--- Data for analysis ---
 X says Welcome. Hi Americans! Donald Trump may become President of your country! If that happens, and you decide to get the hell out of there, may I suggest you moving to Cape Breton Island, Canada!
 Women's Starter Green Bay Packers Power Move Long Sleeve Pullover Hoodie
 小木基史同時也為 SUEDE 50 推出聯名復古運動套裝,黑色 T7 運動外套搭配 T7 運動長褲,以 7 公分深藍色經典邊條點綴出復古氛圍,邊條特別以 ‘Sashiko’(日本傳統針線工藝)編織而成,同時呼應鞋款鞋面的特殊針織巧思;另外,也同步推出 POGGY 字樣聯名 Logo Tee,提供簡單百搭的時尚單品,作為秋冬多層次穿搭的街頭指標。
...
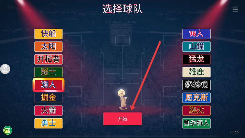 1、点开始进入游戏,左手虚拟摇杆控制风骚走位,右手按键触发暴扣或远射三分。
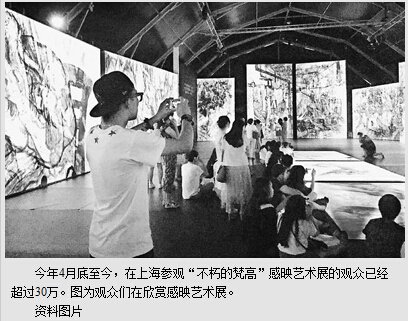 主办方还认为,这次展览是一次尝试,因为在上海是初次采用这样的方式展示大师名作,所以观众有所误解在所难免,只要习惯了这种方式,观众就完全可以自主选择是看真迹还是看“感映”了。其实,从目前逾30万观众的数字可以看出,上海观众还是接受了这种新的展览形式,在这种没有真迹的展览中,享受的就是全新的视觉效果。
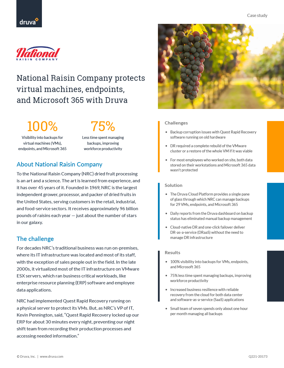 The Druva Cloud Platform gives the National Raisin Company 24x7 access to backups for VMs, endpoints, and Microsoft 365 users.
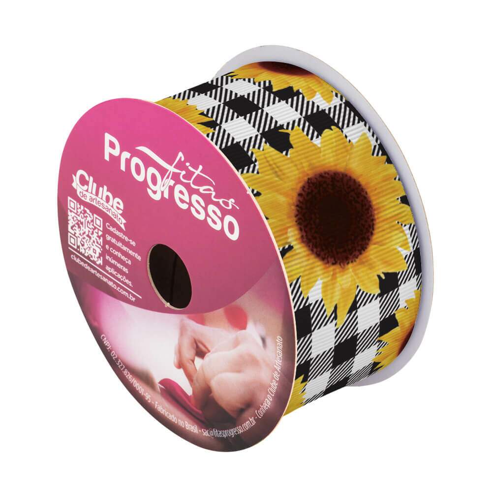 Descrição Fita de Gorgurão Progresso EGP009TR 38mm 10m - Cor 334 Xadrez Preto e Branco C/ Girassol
...
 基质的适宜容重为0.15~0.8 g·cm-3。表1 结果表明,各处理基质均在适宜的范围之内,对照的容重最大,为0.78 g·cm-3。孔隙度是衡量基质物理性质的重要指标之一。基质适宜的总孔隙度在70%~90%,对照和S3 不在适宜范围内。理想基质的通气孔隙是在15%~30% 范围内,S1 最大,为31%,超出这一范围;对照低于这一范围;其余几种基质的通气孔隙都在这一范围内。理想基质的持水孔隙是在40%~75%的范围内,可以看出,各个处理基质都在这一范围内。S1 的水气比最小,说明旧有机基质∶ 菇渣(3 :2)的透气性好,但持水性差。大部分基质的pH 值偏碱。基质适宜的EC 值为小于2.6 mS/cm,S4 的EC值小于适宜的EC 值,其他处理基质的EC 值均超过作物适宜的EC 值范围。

--- Exercise ---
Set down precisely the lines above between the line holding "X says Welcome." and the line holding "小木基史同時也為 SUEDE 50", inclusive, and nothing beyond them.

--- Response ---
 X says Welcome. Hi Americans! Donald Trump may become President of your country! If that happens, and you decide to get the hell out of there, may I suggest you moving to Cape Breton Island, Canada!
 Women's Starter Green Bay Packers Power Move Long Sleeve Pullover Hoodie
 小木基史同時也為 SUEDE 50 推出聯名復古運動套裝,黑色 T7 運動外套搭配 T7 運動長褲,以 7 公分深藍色經典邊條點綴出復古氛圍,邊條特別以 ‘Sashiko’(日本傳統針線工藝)編織而成,同時呼應鞋款鞋面的特殊針織巧思;另外,也同步推出 POGGY 字樣聯名 Logo Tee,提供簡單百搭的時尚單品,作為秋冬多層次穿搭的街頭指標。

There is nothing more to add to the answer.